Medulloblastoma is the most common malignant pediatric brain tumor. Despite the availability and advancement of medical technologies, patient prognoses remain poor [1,2]. Bulk tumor resection remains the first line of treatment, where it has been shown that the completeness of tumor resection correlates strongly with the survival of patients [1–3]. of neurosurgeons is to maximize the removal of tumor while minimizing the removal of normal tissues. The current gold standard for assessing malignancy is histopathology of biopsied tissue samples. However, this is rarely performed at the tumor margins during resection because of the time required for frozen sections to be prepared and interpreted by a pathologist. Furthermore, histopathology is expensive and requires the removal of brain tissue regardless of the state of the tissue. Therefore, there is a need for a noninvasive method to rapidly and accurately visualize residual malignancy to assist surgeons during the tumor resection process.

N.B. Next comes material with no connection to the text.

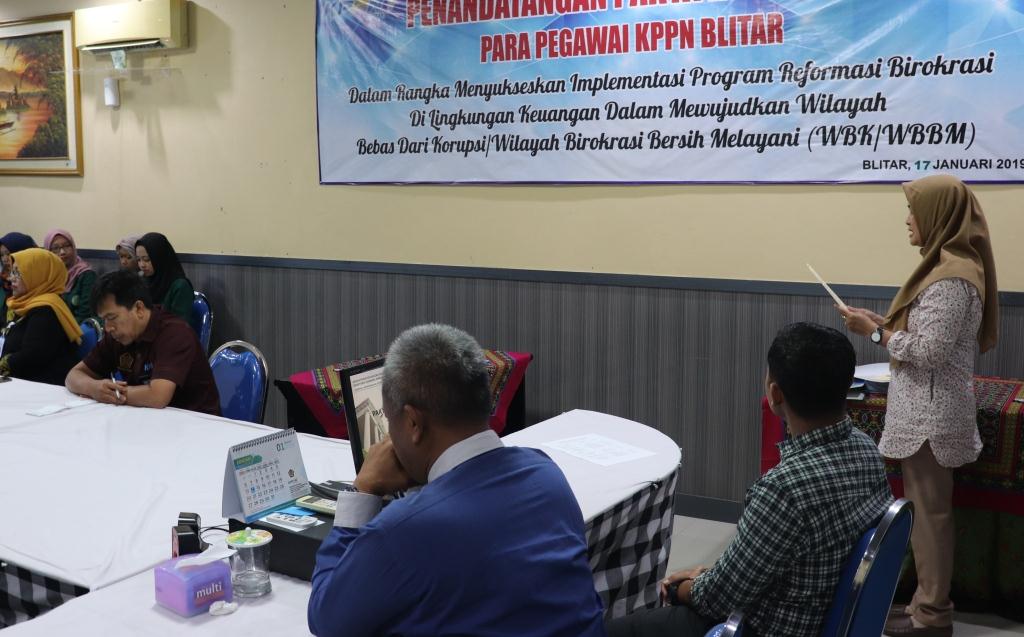 Penandatanganan Pakta Integritas merupakan langkah dalam pelaksanaan reformasi birokrasi dan transformasi kelembagaan serta komitmen untuk melakukan pencegahan dan pemberantasan tindak koruptif, Pakta Integritas sebagai bagian dari Program Pengendalian Grattifikasi agar pejabat/pegawai KPPN Blitar untuk tidak melakukan hal-hal yang berlawanan dengan kewajiban atau tugasnya. Pakta Integritas sejatinya merupakan komitmen pejabat/pegawai untuk tunduk/patuh pada ketentuan yang tertuang di dalamnya dan bersedia menerima konsekuensi jika melanggar ketentuan dimaksud, demikian arahan Herbudi Adrianto, Kepala KPPN Blitar.
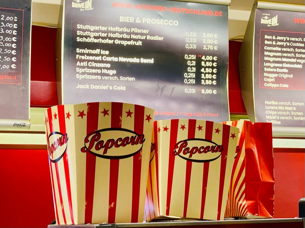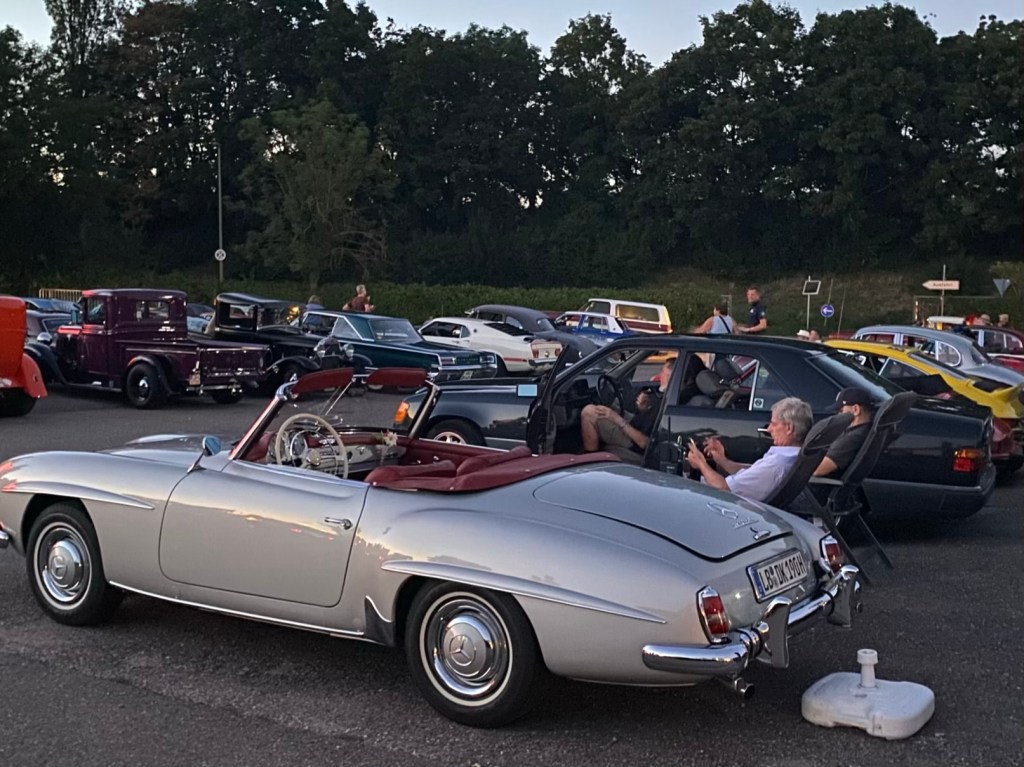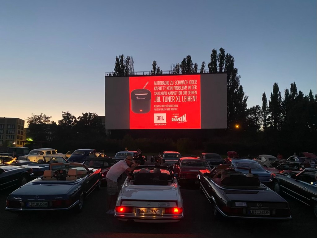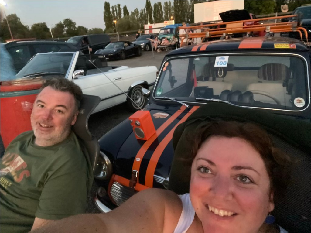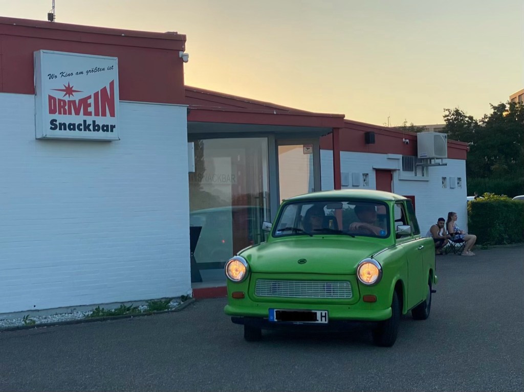 Autokino as soon as it is dark enough. A film from 1981 “The Cannonball Run”. An Oldtimer, of course.

In previous work, we developed a handheld dual-axis confocal (DAC) microscope for intraoperative optical biopsy at the tumor margins . An optical sectioning microscope with cellular resolution has the potential to provide highly accurate confirmation of tissue status with the possibility of optimizing and complementing low-resolution wide-field imaging approaches such as fluorescence image-guided surgery [5–7]. Reports from early preclinical and clinical studies suggest that intraoperative confocal microscopy can play a valuable role in guiding tumor resection, especially in certain tumor types that do not image well with wide-field techniques [8–11].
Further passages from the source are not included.